How can I obtain the no. of cores in GPU are used currently? Any instruction? or example?
While you can’t tell the number of GPUs in use, you can tell the number of GPUs available via the runtime routine “acc_get_num_device” when using the PGI Accelerator Model and “cudaGetDeviceCount” in CUDA Fortran.
Hope this helps,
Thanks for your help. However I think my question is that I wanna know the number of processors used currently but not the device (GPUs). Like the parallel in shared memory, we can set how many cores we wanna use. Can I do the same thing wile using GPU??
I think I understand what your asking for, but it’s the wrong question to be asking since SMP parallel programming doesn’t apply to a GPU. The question you should be asking is how do I tell the “Occupancy” of my program? Occupancy is defined as “the ratio of active warps to the maximum number of warps supported on a multiprocessor of the GPU.” In other words it’s how well your program is keeping all the cores busy. Low occupancy usually leads to lower performance, but high occupancy does not necessarily lead to high performance. A web search of “occupancy CUDA” will provide more details.
In CUDA programming the user does not control the number of cores being used, rather you control the number of threads created. What you want is to have enough threads in a thread block so that when one warp stalls due to a memory fetch or other operation (a warp is group of 32 threads), another warp can swapped in. So having a block size of 64, 128, or even 512 is usually better. However, your block size can be limited by register and shared memory usage. The more memory used per thread, the fewer threads you can have. In addition to the block size, you want enough blocks to fully populate all the Streaming Multiprocessors.
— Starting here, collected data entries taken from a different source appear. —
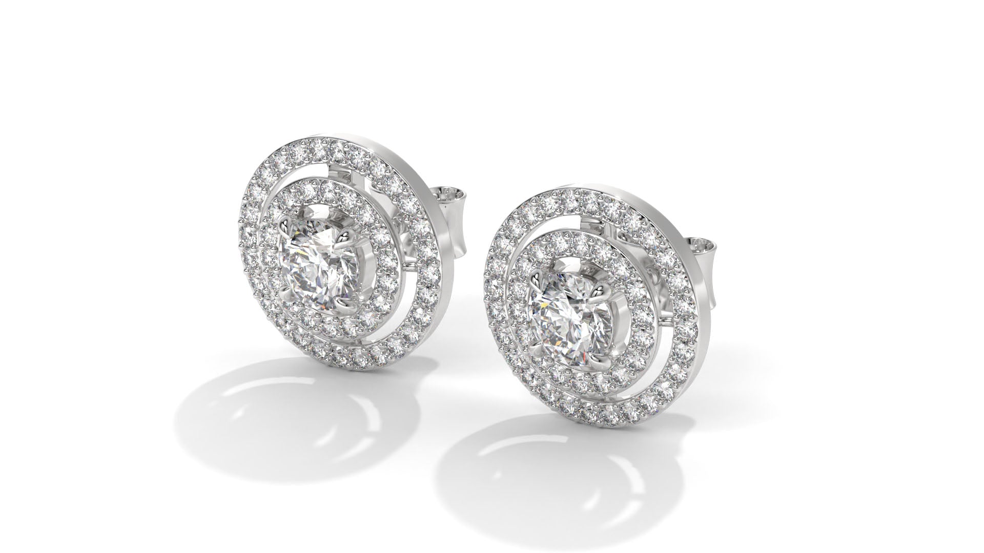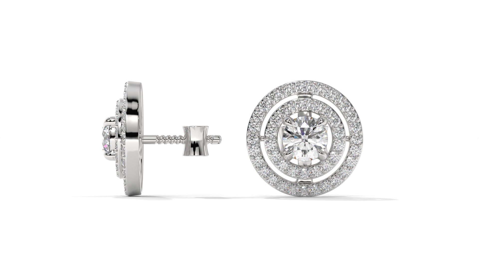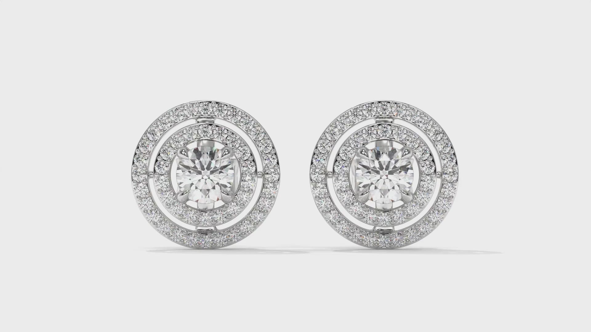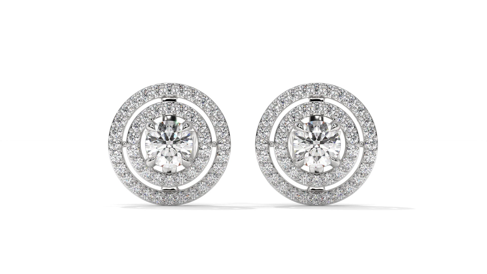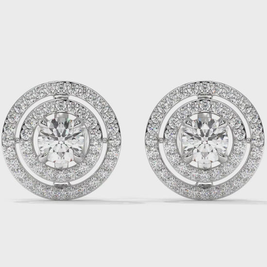 Featuring a total weight of 1.92 carats, these 14K white gold stud earrings showcase brilliant round center diamonds surrounded by a double halo of smaller accent stones. The layered halo design enhances the sparkle and gives these studs a bold, elegant look, perfect for both everyday luxury and special occasions.
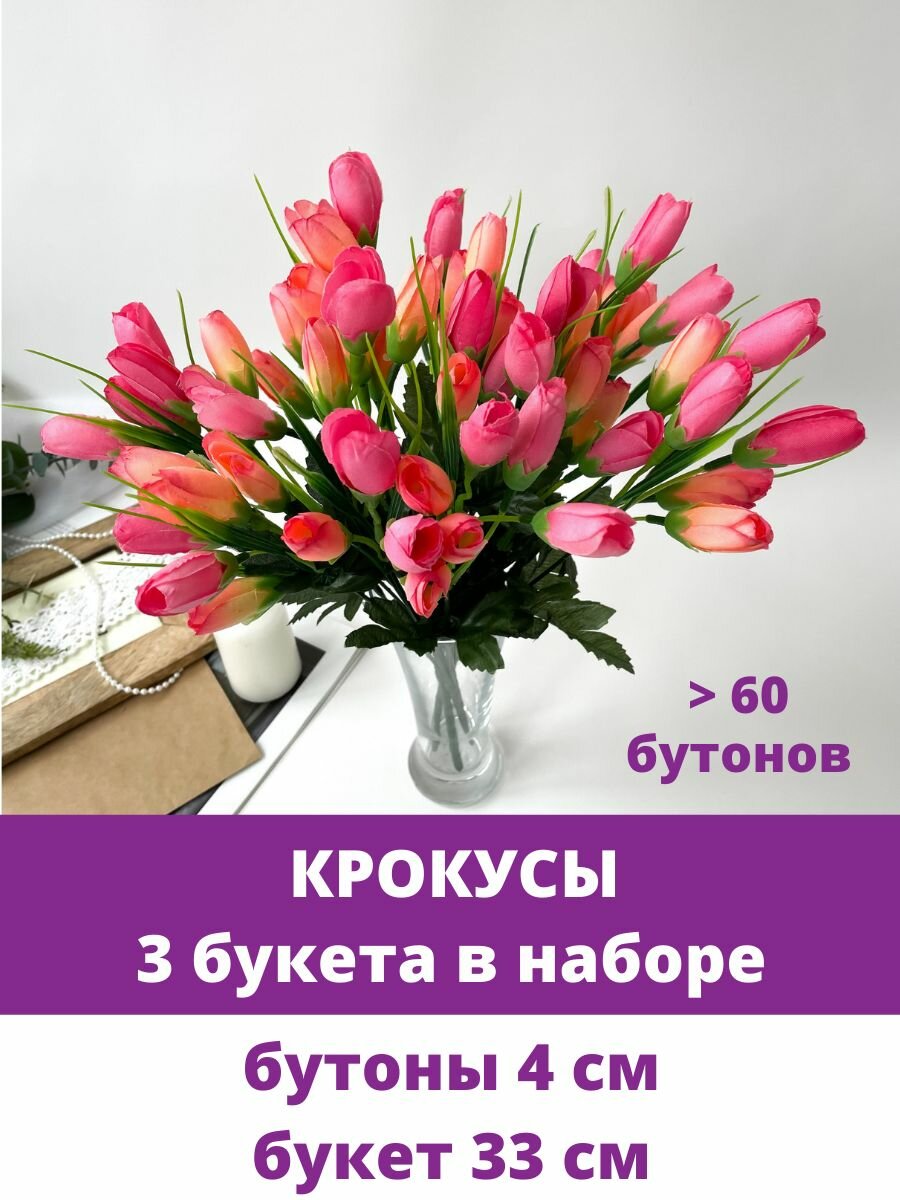 Крокусы-подснежники искусственные, Розово-малиновый микс, набор 3 букета, 33 см, больше 60 бутонов в наборе
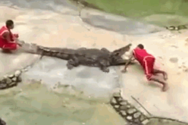 Vài giây sau đó, người đàn ông lại cho tay vào miệng con vật lần nữa. Đáng tiếc là lần này con cá sấu đã phản xạ nhanh hơn đối phương. Do không rút được tay ra ngoài, nạn nhân đau đớn, la hét thất thanh.
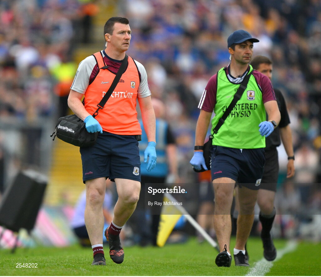 24 June 2023; Galway Dr. Eoin MacDonncha and physiotherapist Eamon Duane, right, during the GAA Hurling All-Ireland Senior Championship Quarter Final match between Galway and Tipperary at TUS Gaelic Grounds in Limerick. Photo by Ray McManus/Sportsfile
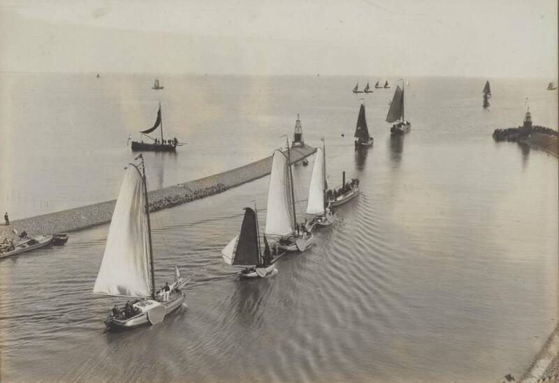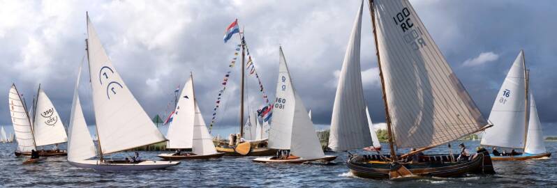 Zeilwedstrijd tijdens de Sneekweek bij het verdronken eiland de Roekoepôlle met rechts het Fries jacht de Mercurius en midden achter het Fries statenjacht, de boeier Friso. Heden en verleden zeilt hier dus langs elkaar.
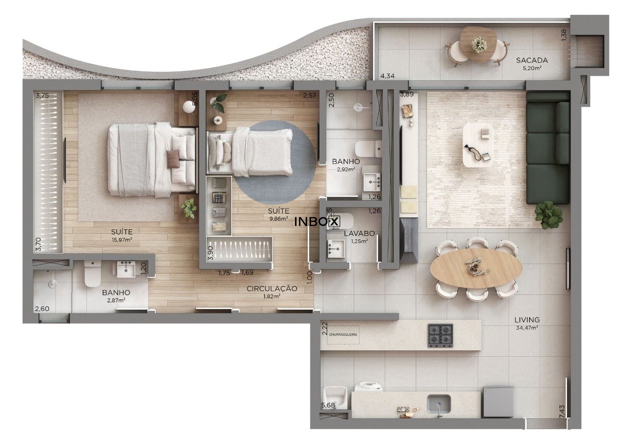 Dois quartos, sendo 2 suítes, lavabo social, cozinha e área de serviços independentes, sala de estar e uma linda sacada com churrasqueira completam a beleza desse apartamento.
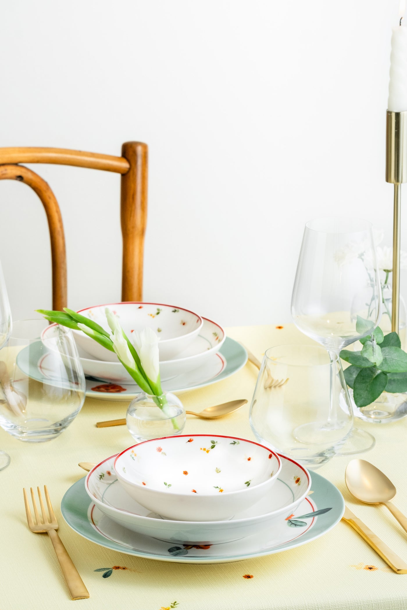 4 Adet 25cm Servis Tabağı4 Adet 20cm Çukur Tabak 4 Adet 15cm Kase 4 Adet 20cm Tatlı TabağıTOPLAM 16 PARÇA.
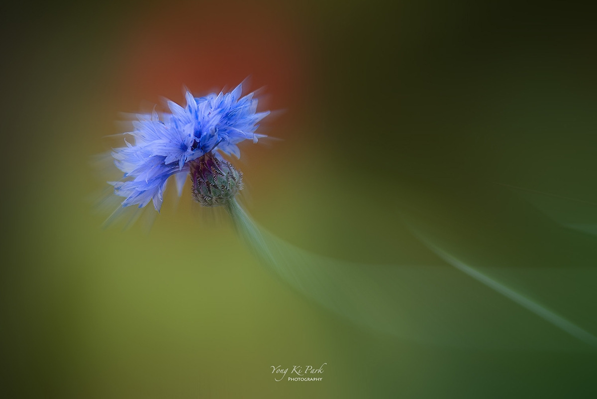 축대 아래 핀 수레국화 하나
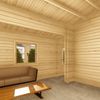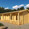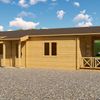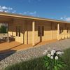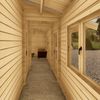 Das Vordach ist teilweise mit Zäunen abgeschirmt und bietet genügend Platz für die ganze Familie oder Freunde zum Sitzen, Entspannen oder gemeinsamen Essen. Das Innere besteht aus einem geräumigen Wohnzimmer, zwei geräumigen Schlafzimmern und Platz für ein Badezimmer. Das Wohnzimmer und die Schlafzimmer haben Flügeltüren, die sich zum Vordach hin öffnen und die Natur ins Haus holen. Das ist doch schön, wenn man aufwacht, oder?
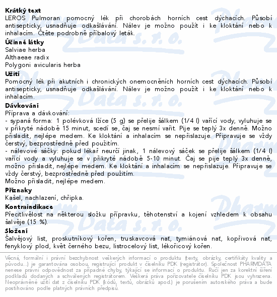 LEROS Pulmoran pomocný lék při chorobách horních cest dýchacích. Působí antisepticky, usnadňuje odkašlávání. Nálev je možno použít i ke kloktání nebo k inhalacím. Čtěte pozorně příbalový leták.
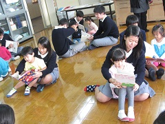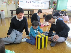 今日は年中さくら組が伏見中学校へ行き、三年生のお兄さんお姉さんと一緒に遊びました。お兄さんお姉さんの温かい笑顔と話し方に安心して一緒に遊び始める姿がありました。一緒に仲良し遊びをしたり、絵本を読んでもらったり、お兄さんお姉さんの手作りのおもちゃで一緒に遊んだりしてどんどん仲良くなりました。最期には、子どもたちが得意な「ナンジャモンジャ!ニンジャ祭り!」のダンスをはりきって披露しました。一緒に踊ってくれるお兄ちさんお姉さんもいて、嬉しくて仕方がない子どもたちでした。
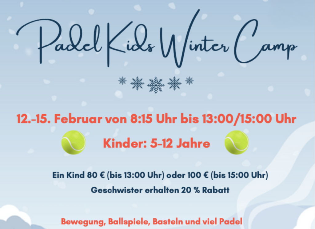 | Liebe Mitglieder, von 12. bis 15.02. findet auf unserer Anlage ein Padel Camp für Kinder statt. Dabei stehen Bewegung und Spaß im Vordergrund. Auf dem Programm stehen Bewegungs- und Ballspiele, Basteln und Padel. Teilnehmen können Kinder im Alter von 5 – 12 Jahren Das Camp findet von 08:15 Uhr bis 13:00/15:00 Uhr statt Die Kosten für die Teilnahme liegen pro Kind bei 80€ (bis 13:00 Uhr) oder 100€ (bis 15:00 Uhr) Geschwister erhalten einen Rabatt von 20% Zur Anmeldung oder bei weiteren Fragen wendet euch bitte direkt an Marc Bardés unter: +49 177 720 566 0, oder unter info@padelbaseludwigshafen.de Wir wünschen den Kids viel Spaß! |
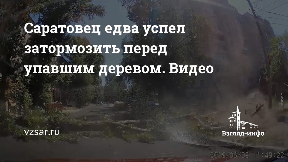 Саратовец едва успел затормозить перед упавшим деревом. Видео

Michael Wolfe wrote a good concise article about the CUDA Data Parallel threading model which you might find helpful: http://www.pgroup.com/lit/articles/insider/v2n1a5.htm
So how do you tell the Occupancy? If you’re using the PGI Accelerator Model, the compiler will list the occupancy in the informational output (-Minfo).
For CUDA Fortran, you can use the CUDA Occupancy Calculator (http://news.developer.nvidia.com/2007/03/cuda_occupancy_.html) or using the CUDA Profiler (i.e set CUDA_PROFILE=1 in your environment, run the program, and review the resulting cuda_profile_0.log file) Note the number of registers used can found using the “-Mcuda=ptxinfo” flag.
Hope this helps,